Marvelously researched and compassionately written, this exceptional book narrates the continuing saga that is resilience as it challenges us to consider whether -- and how -- the good wins out in the end.
#7
This poem has been important to my recovery over the years. I first encountered it in the book "Earth Prayers." --Randal

My help is in the mountain
Where I take myself to heal
The earthly wounds
That people give to me
I find a rock with sun on it
And a stream where the water runs gentle
And the trees which one by one give me company.
So must I stay for a long time
Until I have grown from the rock
And the stream is running through me
And I cannot tell myself from one tall tree.
Then I know that nothing touches me
Nor makes me run away.
My help is in the mountain
That I take away with me.

Earth cure me.
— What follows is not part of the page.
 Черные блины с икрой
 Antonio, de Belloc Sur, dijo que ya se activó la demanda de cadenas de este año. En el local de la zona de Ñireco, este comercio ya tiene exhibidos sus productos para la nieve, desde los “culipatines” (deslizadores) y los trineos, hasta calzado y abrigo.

Earth receive my woe. Rock
strengthen me. Rock receive my weakness. Rain
wash my sadness away. Rain receive my doubt.
Sun make sweet my song. Sun receive the anger
from my heart.

--Nancy Wood
#8
Recovery Journals / Randal's Recovery Journal
December 11, 2017, 06:09:09 PM
Hi, all. I'm new to this site but excited to start connecting with others. Two new big things in my world:

1. My brother-in-law died over the Thanksgiving weekend. He was an alcoholic, and, in short, his body couldn't take it when he tried to stop drinking this time.

I've been providing a lot of support to my sister, and it's been tricky keeping my boundaries and staying centered with her understandably strong emotions.

2. I'm switching health insurance plans, which means I need to find a new therapist after 11 years. While not an ideal situation, I find that I'm doing OK with it. And, strangely, I'm even a little intrigued about working with someone else who might help my healing journey in new ways.

Despite all of this, I'm feeling thankful for having a supportive partner and an established self-care routine to help me manage around all of this change.

Peace,
Randal

#9
Hi, all. I'm a 48-year-old gay white man with C-PTSD. I've been in therapy for over 11 years and do daily yoga and meditation as well as weekly talk therapy.

But I'm looking for greater identification with others who really grasp the particulars of surviving--and ideally thriving--with PTSD.

My interests include reading, especially sci-fi and fantasy, travel, and cooking.